On the ninth day rain drizzles down from the sky throughout the morning. He sits by a window, drinks his tea, and reads words as familiar as the scars on his body and the creases on his hands. When the rain stops so does he, and he wanders out to sit on the porch swing. The cushions are damp but he settles back anyway, letting the water seep into his robes. Tonight, the moon is more grin than smile.
On the tenth day he wanders again. He reaches where the sand turns to rock and thinks of metaphors and fairytales and dogs and rats and other such things.
Once upon there was a wolf who made four wonderful friends, until one of them wasn't.
He closes his eyes, and wants.
There's someone sitting on the porch swing when he returns. The chains creak back and forth.
Remus doesn't stop until he's standing before him. He takes in the familiar details- that sleek black hair, getting longer now, those peculiar pale grey eyes, the aristocratic features given to him by the family he hates so much.
"You look like a corpse," Sirius says, his voice hoarse. He chuckles, then, but the mirth doesn't reach his eyes.
"You always did know how to flatter someone," Remus replies, his own voice like paper.
They go inside, and Remus makes him tea and a proper meal.
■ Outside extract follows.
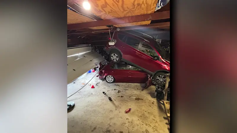 'Smooshed like tin cans.' Bizarre snowplow crash destroys cars in Fairfield garage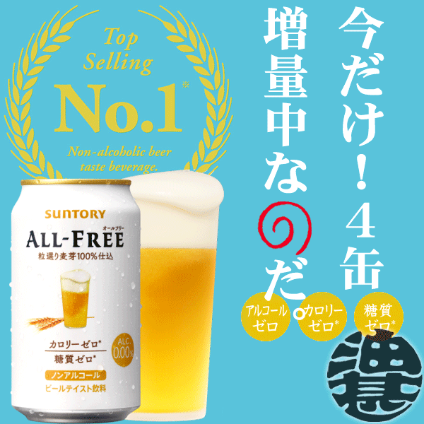 【サントリー オールフリー】 ノンアルコールビールテイスト飲料「オールフリー」は麦汁をベースに、 アルコールを生成しない製法を採用し、ドライバーの方や 休肝日をお考えの方にもお楽しみいただける「アルコール度数0.00%」を実現しました。 また、原材料の配合や仕込方法に工夫を凝らすなど、 当社機能系商品の製造技術を応用することで、「カロリーゼロ」「糖質ゼロ」を実現しました。 さらに、厳選した粒選り麦芽を天然水で仕込み、 ホップの中でも香り高いアロマホップを使用し、 一番麦汁だけを贅沢に使った満足感ある味わいです。 原材料/麦芽、ホップ、酸味料、香料、カラメル色素、酸化防止剤(ビタミンC)、甘味料(アセスルファムK) アルコール度数/0% 栄養成分(100ml当たり)/たんぱく質0g、脂質0g、糖質0g、食物繊維0〜0.1g、ナトリウム0〜7mg、プリン体0〜0.5mg 製造元/サントリー エネルギー(100mlあたり)/0kcal

They eat in front of the fireplace and they talk of little, inconsequential things until the shadows grow long. They talk about home and they talk about the people they know and the ones they knew.
They don't talk about the rat.
They talk until the sky grows black and clear, until they find themselves on the porch again, the chains creaking in the otherwise silent night.
"Are you ready to stop running away?" Sirius asks, finally. He leans back on his hands and does not look at him, his eyes fixed on the constellations in the sky, a study in nonchalance, but Remus knows his body as well as his own, better, and he can read what Sirius does not say in the curve of his jaw and the flicker in his eyes.
Remus looks away from him, and looks at the moon instead, swollen in the sky. He thinks about the dog besides him and the rat behind him and all those before and after. He thinks of James's laugh and Lily's smile and the way Harry's tiny hand clenches at his fingers. He thinks of Peter, quiet and unassuming and loyal and there, until he wasn't. He thinks of Sirius, his mouth hot against his own, his fingers tangled in that black black hair.
He breathes in the sea air, and answers.